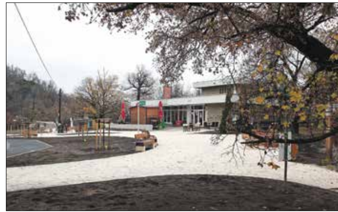
Közel 1000 négyzetméter zöld terület jött létre a Libegő felső állomásánál
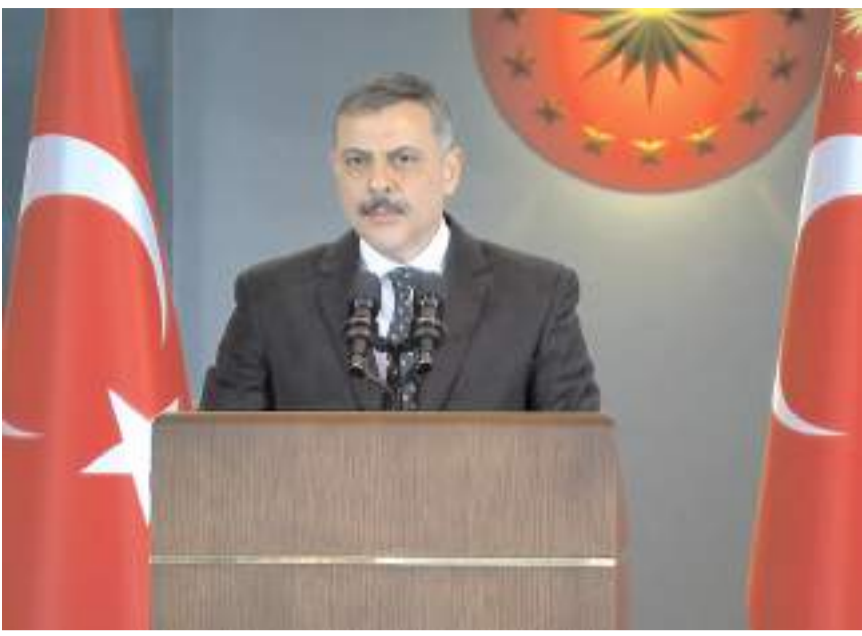
İçişleri Bakanı Mustafa Çiftçi

İçişleri Bakanı Mustafa Çiftçi, bugün Çorum'a gelecek. İçişleri Bakanı Mustafa Çiftçi bir dizi programa katılmak üzere bugün Çorum'a gelecek.
....
#### [What is required]
Which of the lines above include the string "İçişleri"? Pick them out and copy them.

#### [The answer]
İçişleri Bakanı Mustafa Çiftçi
İçişleri Bakanı Mustafa Çiftçi, bugün Çorum'a gelecek. İçişleri Bakanı Mustafa Çiftçi bir dizi programa katılmak üzere bugün Çorum'a gelecek.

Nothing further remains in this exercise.